Sunday, November 06, 2011

Standard-Examiner Guest Commentary: A Revival of Mercantilist Thought Among Conservatives

Some apparent parallels between post-feudal mercantilist thought and the views of some modern right-wing conservatives
Right-wing conservatives' ideology is even worse than mercantilism because it gives the impression to Americans that their policy actions, aimed at corporations and wealthy, will ultimately benefit low and middle income Americans. It is high time to bury the idea that making rich richer and wealthy wealthier through government policy will generate more opportunity for non-rich. What the political establishment has to do is to open up more avenues of opportunity aimed directly at non-rich, so that they can acquire more human capital and become successful entrepreneurs. I hope that conservative politicians' alliance with business and wealthy is a temporary phenomenon, because otherwise it will take the country's progress back to the mercantilist era and dismantle the middle class -- the fountain of entrepreneurship. It will have a deleterious effect on democracy, free competitive markets and growth.

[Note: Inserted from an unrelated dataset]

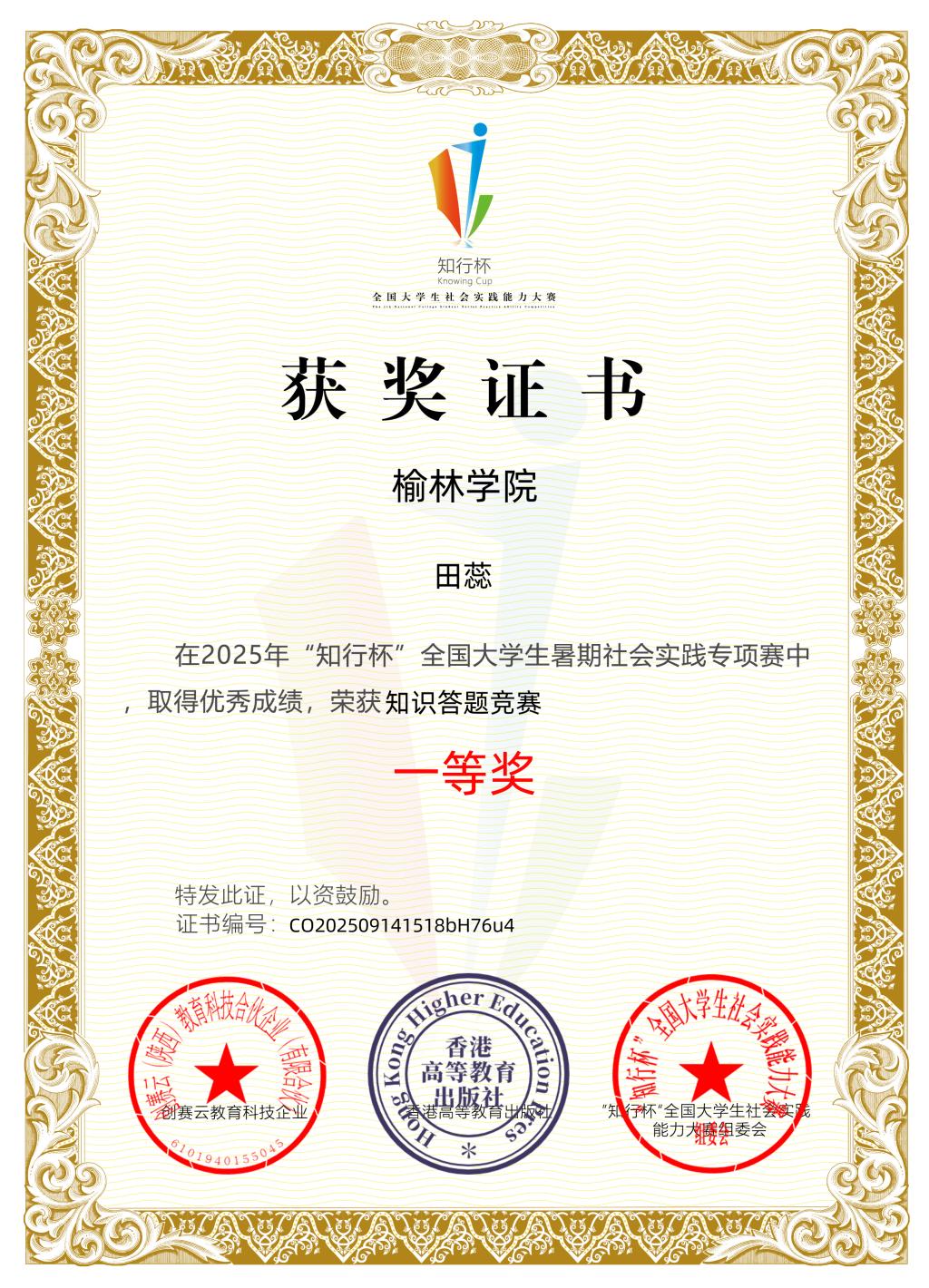 近日,“知行杯”全国大学生暑期社会实践专项赛——“知行乡旅,赋能乡村新发展”之“乡健知行”知识答题竞赛成绩揭晓,在开元管理学院积极组织和张霞老师的指导下,田蕊、杜新悦两位同学表现优异,最终荣获一等奖。

Standard-Examiner Guest Commentary
A revival of mercantilist thought among conservatives
November 6, 2011

Fantastic Standard-Examiner Op-ed piece this morning, folks.

Although we sometimes disagree with Prof. Mathur's analyses, he definitely nails it this time, wethinks:
The merger of state and corporate interests in America is one of the greatest threats to individual liberty existent in the current national and local political environment, as we see it.

Of course we don't necessarily have to reach clear back to the "mercantilist era" for historical precedent, when 20th Century European "fascism" also serves as a more recent manifestation of the "corporatist" politico-economic phenomena which Mathur describes.

We hope you'll all read and comprehend the message that the good professor delivers this morning, without letting your eyes glaze over, even though it does deal with the sometimes-turgid topic of political economics.

So who'd like to throw in their own 2¢?